我们还可以创建一个直接读取csv文件的数据框

Also we can create a dataframe directly reading a csv file

Dataframe = spark.read.format("csv").schema(schema).option("header","false").load("pathlocation")

我的问题是,当我们必须首先使用RDD加载文件并将其转换为数据帧时,会是什么用例?

My question is that what could be the use cases when we have to load a file using RDD first and convert it into dataframe?

我只知道textFile逐行读取数据.当我们必须在数据帧上选择RDD方法时,会出现什么情况?

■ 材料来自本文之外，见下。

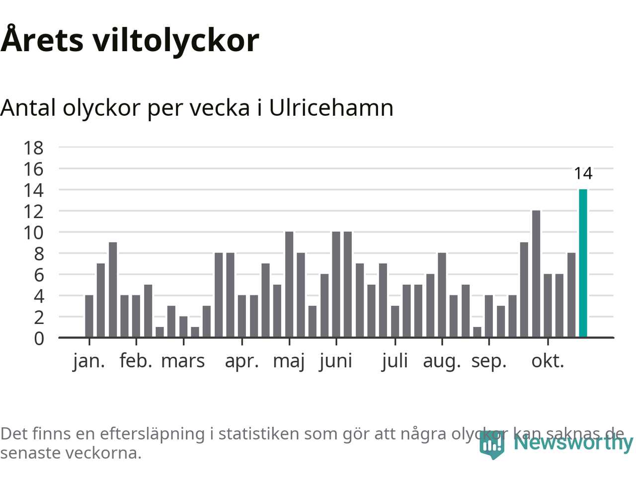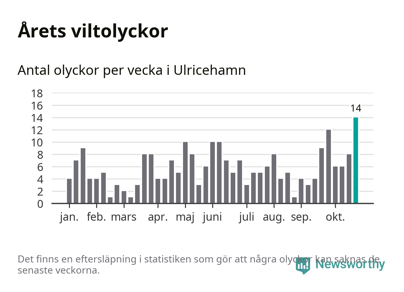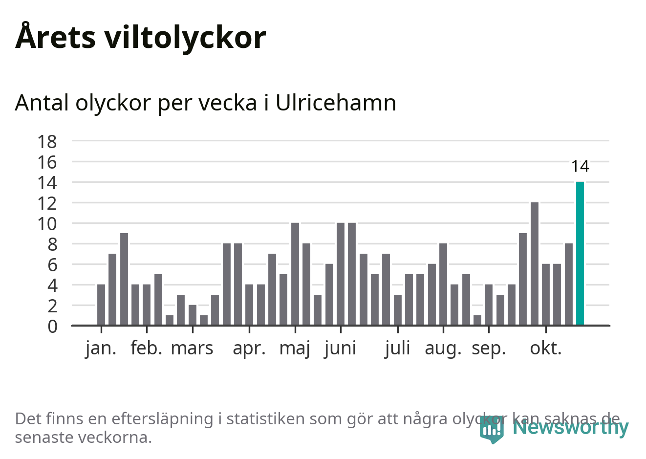 Under vecka 44 rapporterades 14 viltolyckor in i Ulricehamns kommun. Det är det största antalet på en enskild vecka hittills i år.

I just know that textFile reads data line by line. What could be the scenarios when we have to choose RDD method over dataframe?

推荐答案

DataFrames/Datasets具有相对于RDD的巨大性能改进,这归功于以下两项强大的功能:

DataFrames / Datasets offer huge performance improvement over RDDs because of 2 powerful features:

  1. 自定义内存管理(又名Project Tungsten)数据以二进制格式存储在堆外存储器中.这样可以节省大量的存储空间.而且,不涉及垃圾收集开销.通过预先了解数据模式并以二进制格式有效存储,还避免了昂贵的Java序列化.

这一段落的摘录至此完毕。